Abstract
We report here some anomalies discovered in the minor allele frequencies (MAFs) and some likely mismappings found in our analyses of UK Biobank dataset (UKB) and several other databases. We compared the MAFs present in the UKB to those measured in two other UK studies, ALSPAC and TwinsUK, and found a large set of SNPs for which the UKB MAFs are inconsistent. Additionally, even after accounting for population structure effects and other possible causes of spurious correlations, we found many SNPs that appear to be in interchromosomal linkage. Analyzing these interchromosomal linkages carefully, we found that they are all associated with identical sequences on different chromosomes, implying that these SNPs are simply mismapped.
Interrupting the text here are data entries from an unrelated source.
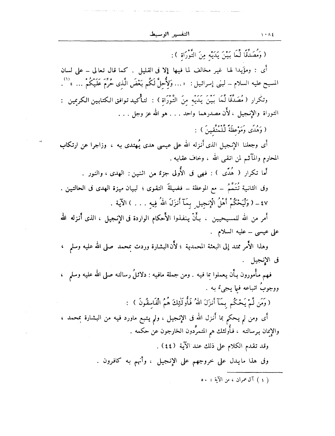وتكرار (مُصَدِّقًا لِمَا بَيْنَ يَدَيْه مِنَ التَّوْرَاةِ): لتأكيد توافق الكتابين الكريمين: التوراة والإِنجيل، لأَن مصدرهما واحد ... هو الله عَزَّ وَجَلَّ ...
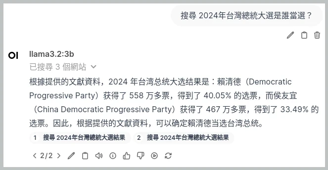 這樣即使語言模型訓練時沒有加入最新資訊,他也能夠透過網路搜尋即時獲取最新資訊。
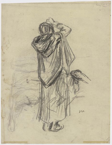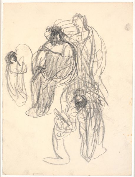 Curator: This drawing, likely created between 1900 and 1905, is by the Swedish artist Karl Isakson. Titled "Jacob Wrestling with the Angel?", it resides here at the SMK, Statens Museum for Kunst. Editor: My initial feeling? A dance on the edge of darkness, almost a violent tenderness. Look at the furious, scribbled lines. You can sense the intense struggle, yet also this strange… intimacy? Curator: Absolutely, it's that charged tension. You see the materiality, the simple graphite on paper allowing for this amazing sense of movement. Isakson wrestled, too, I suspect – with faith, with form – during its creation. You feel like he almost allows the paper's "ground" to define space, like the figures are arising out of material potential, not only rendered in the charcoal's immediate, forceful reality. Editor: And it's just that - charcoal’s reality, on brown paper! The very act of mark-making is visible. The material almost embodies that rawness, it's not refined or pristine; it’s earthy, like the biblical story itself, of labor and persistence. Not to sound too flippant, but does anyone consider this 'work' within the total arc of what made up Isakson's day? The struggle for him and the wrestle for Jacob feel intertwined. Curator: Oh, fascinating! Because I look at it and imagine the wrestling is as much internal as external; is Jacob battling an angel, or himself? You can almost feel the vulnerability beneath all the apparent aggression, don't you think? I suppose, in both respects, you ask yourself as the artist how the toil changes or affects its potential. Editor: Absolutely, but by choosing humble materials—paper, graphite—and foregrounding their use, Isakson's underscoring something beyond any mythic narrative; art making, is a material and earthly process itself and perhaps his way into something spiritual? Curator: Maybe the limitations are the gateway. Like using a limited palette can open a broader emotional range, don’t you find? Well, what a remarkable glimpse this drawing gives us, into faith and artistic creation intertwined! Editor: Right, seeing how physical, how very *present*, a so-called divine wrestling match could be, shown plainly with only paper, pencil, and time!

Some (but certainly not all) of the MAF disagreements appear to be the result of these mismappings. Our results, including lists of SNPs with inconsistent MAFs and/or apparent interchromosomal linkage, are freely available to download at: http://kunertgraf.com/data/biobank.html
Competing Interest Statement
The authors have declared no competing interest.
Footnotes
1 For example: the SNP rs71238527 has a MAF=0.216 in the UK Biobank. dbSNP reports values from two different studies, ExAC and GO-ESP, with MAF values of 0.145 and 0.086. We take the closest value, 0.145, as the “best match” from any dbSNP study.